I too see diesel (especially biodiesel) as the fuel of the future, but since I've already got a Ford 350, I'm interested now in a smaller diesel vehicle. I want something smaller, that can handle the dirt roads leading up to our homestead, but without the weight and size of the Ford. The new boxer diesel that Subaru is making has caught my interest.
http://www.motortrend.com/roadtests/suvs/112_0809_2010_subaru_forester_diesel/index.html 

It's 4X4 and gets about 40MPG, and may be exactly what I need when I'm not trying to haul a load of 20' rafters. For someone wanting to own just a single vehicle, maybe this Forester, towing a trailer, might be a cheaper option than buying a diesel pickup.
Michael

P.S. Fordy, I think the single most important reason you don't see cars like the Fiesta here is because of American (or Californian) pollution regulations. The Europeans have decided to regulate CO2 rather than NO2, so that gives the edge to sipping little diesels. Our regulations are more stacked against diesel, so gasoline wins here. However, european pollution controls are finally catching up with American standards.


----------



## Hip_Shot_Hanna (Apr 2, 2005)

Beeman said:


> I read about Jeep releasing a 4 cyl model. After all Daimler owns Chry. and Jeep and they build diesel cars.
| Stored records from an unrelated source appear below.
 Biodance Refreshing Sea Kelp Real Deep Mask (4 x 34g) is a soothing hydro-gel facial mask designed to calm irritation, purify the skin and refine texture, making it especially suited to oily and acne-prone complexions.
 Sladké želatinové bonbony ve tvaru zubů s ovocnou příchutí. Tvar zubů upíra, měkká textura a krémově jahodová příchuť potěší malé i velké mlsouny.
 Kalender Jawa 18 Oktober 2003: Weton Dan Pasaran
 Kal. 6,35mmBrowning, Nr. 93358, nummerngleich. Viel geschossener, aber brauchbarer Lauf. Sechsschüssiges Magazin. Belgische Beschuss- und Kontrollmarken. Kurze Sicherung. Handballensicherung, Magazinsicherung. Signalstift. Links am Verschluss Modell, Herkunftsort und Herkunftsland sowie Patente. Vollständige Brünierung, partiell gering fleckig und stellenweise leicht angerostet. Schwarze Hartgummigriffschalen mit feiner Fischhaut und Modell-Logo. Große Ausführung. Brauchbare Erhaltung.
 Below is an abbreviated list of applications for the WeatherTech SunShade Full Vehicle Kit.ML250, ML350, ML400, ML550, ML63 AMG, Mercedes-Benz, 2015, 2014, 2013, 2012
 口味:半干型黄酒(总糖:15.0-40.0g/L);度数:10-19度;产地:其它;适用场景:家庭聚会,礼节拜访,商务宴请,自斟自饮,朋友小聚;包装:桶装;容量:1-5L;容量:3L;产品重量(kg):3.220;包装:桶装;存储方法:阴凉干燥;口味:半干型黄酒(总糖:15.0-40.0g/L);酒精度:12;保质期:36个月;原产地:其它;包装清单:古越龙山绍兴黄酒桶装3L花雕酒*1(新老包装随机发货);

 it is disgracefull there are no small diesels here , in the UK you can not buy a Gas Ranger , they are all diesel , same goes for GM ,they have a joint venture with renault that make wonderfull small diesels , the voyager cant be bought with a gas engine in it , neither can the jeep , less than 30 % of cars / light trucks are gas burners over there , a relative has a renault car (about the size of a Camry )that gets 50 to the gallon US , CITY driving and 69 MPG highway and 0 to 60 in 12 seconds 135 BHP out of 1.9 litres, the Rangers average around 30 MPG being driven real hard .......


----------



## unioncreek (Jun 18, 2002)

The new EPA standards are what's killing any new diesels being available. My son worked for Detroit Diesel and Navistar and he said their making it so complicated with the new particulates that even OTR trucks are getting lousy gas mileage.

Bob


----------



## plowjockey (Aug 18, 2008)

unioncreek said:


> The new EPA standards are what's killing any new diesels being available. My son worked for Detroit Diesel and Navistar and he said their making it so complicated with the new particulates that even OTR trucks are getting lousy gas mileage.
> 
> Bob


How true.

I drive a big Volvo VN, with the "smog fiendly" engine. No power and no fuel economy. A great way for truckers to stay in business. 
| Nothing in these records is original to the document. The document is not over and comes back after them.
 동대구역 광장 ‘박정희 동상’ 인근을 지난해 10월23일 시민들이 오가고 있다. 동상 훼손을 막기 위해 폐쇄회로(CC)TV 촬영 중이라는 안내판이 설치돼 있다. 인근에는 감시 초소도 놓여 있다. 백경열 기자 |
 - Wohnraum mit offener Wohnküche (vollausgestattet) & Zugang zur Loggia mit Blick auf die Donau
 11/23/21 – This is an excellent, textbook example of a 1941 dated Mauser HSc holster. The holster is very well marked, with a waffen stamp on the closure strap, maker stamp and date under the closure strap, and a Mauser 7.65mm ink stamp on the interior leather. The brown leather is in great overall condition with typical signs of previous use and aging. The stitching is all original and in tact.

It's working out so well, CAT is ceasing production of truck diesel engines (for the U.S. anyway), in part due to emission requirements.

My friend traded Ford F250s from an 04' to 08' and lost about 9MPG, due to the increased emission controls.


----------



## fordy (Sep 13, 2003)

plowjockey said:


> How true.
> 
> I drive a big Volvo VN, with the "smog fiendly" engine. No power and no fuel economy. A great way for truckers to stay in business.
> 
> ...


...........This is why I bought an '03 Chevy 8.1 for a tow vehicle . The late '07 and up model diesel trucks have so much plumbing and wiring for "Clean Air" that they will become too expensive to fix for the average self employed guy once the factory warranty runs out . , fordy


----------